• _Records from a data source_:
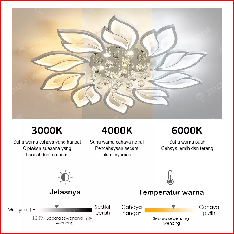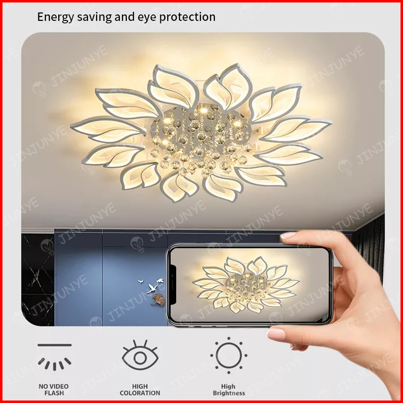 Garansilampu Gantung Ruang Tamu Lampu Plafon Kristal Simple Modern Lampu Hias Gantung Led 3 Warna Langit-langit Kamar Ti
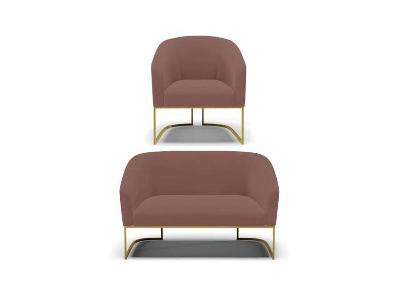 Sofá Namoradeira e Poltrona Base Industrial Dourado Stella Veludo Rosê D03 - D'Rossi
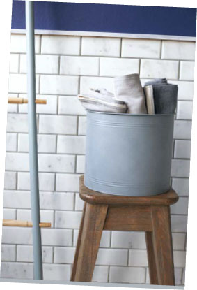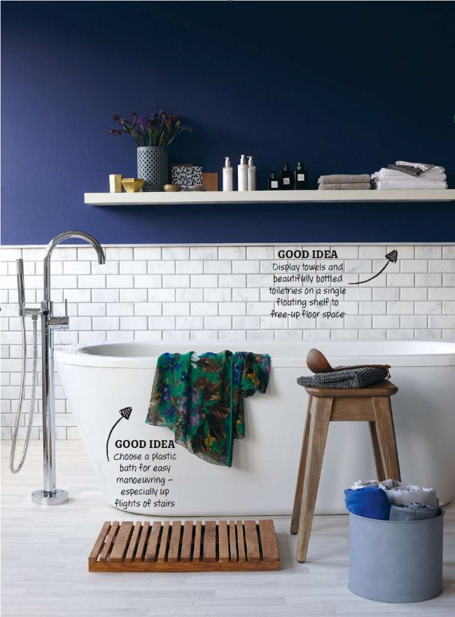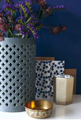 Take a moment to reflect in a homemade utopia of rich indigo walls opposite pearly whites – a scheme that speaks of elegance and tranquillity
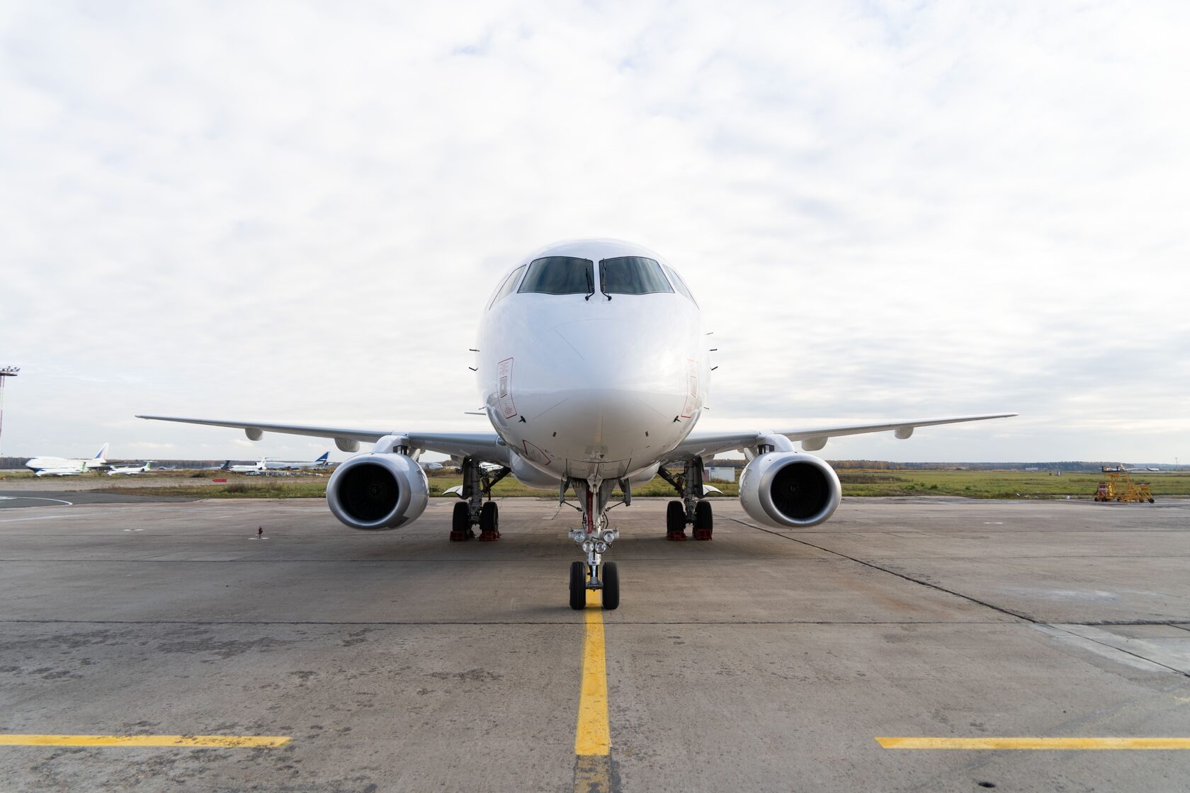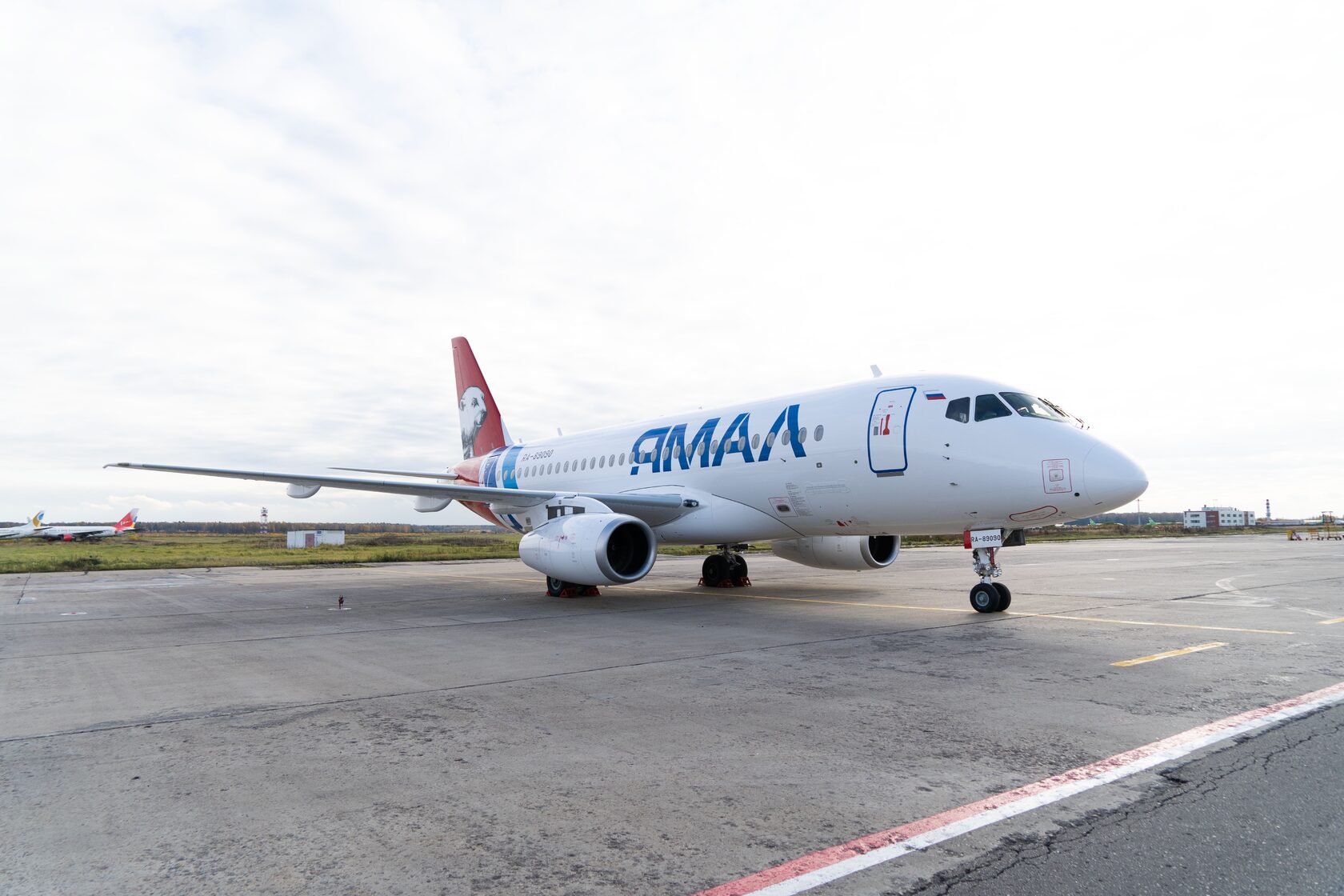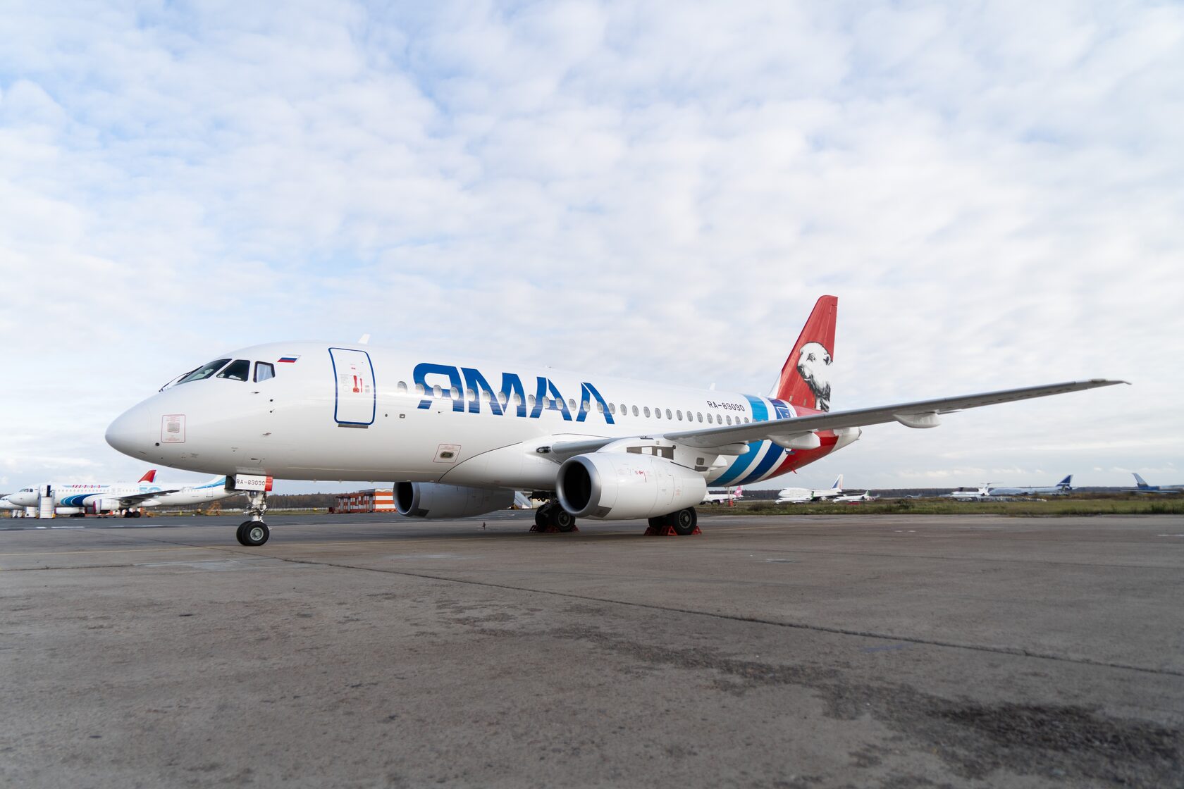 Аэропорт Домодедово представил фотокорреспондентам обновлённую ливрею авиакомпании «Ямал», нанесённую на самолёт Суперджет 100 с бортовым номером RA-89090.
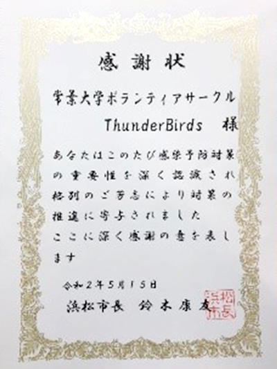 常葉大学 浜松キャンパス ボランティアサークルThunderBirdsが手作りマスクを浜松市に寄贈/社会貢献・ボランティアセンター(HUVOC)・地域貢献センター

• _WHAT IS NEEDED_:
For the records above, give every line again exactly and skip the pictures.

• _RESULT FOR THIS TASK_:
 Garansilampu Gantung Ruang Tamu Lampu Plafon Kristal Simple Modern Lampu Hias Gantung Led 3 Warna Langit-langit Kamar Ti
 Sofá Namoradeira e Poltrona Base Industrial Dourado Stella Veludo Rosê D03 - D'Rossi
 Take a moment to reflect in a homemade utopia of rich indigo walls opposite pearly whites – a scheme that speaks of elegance and tranquillity
 Аэропорт Домодедово представил фотокорреспондентам обновлённую ливрею авиакомпании «Ямал», нанесённую на самолёт Суперджет 100 с бортовым номером RA-89090.
 常葉大学 浜松キャンパス ボランティアサークルThunderBirdsが手作りマスクを浜松市に寄贈/社会貢献・ボランティアセンター(HUVOC)・地域貢献センター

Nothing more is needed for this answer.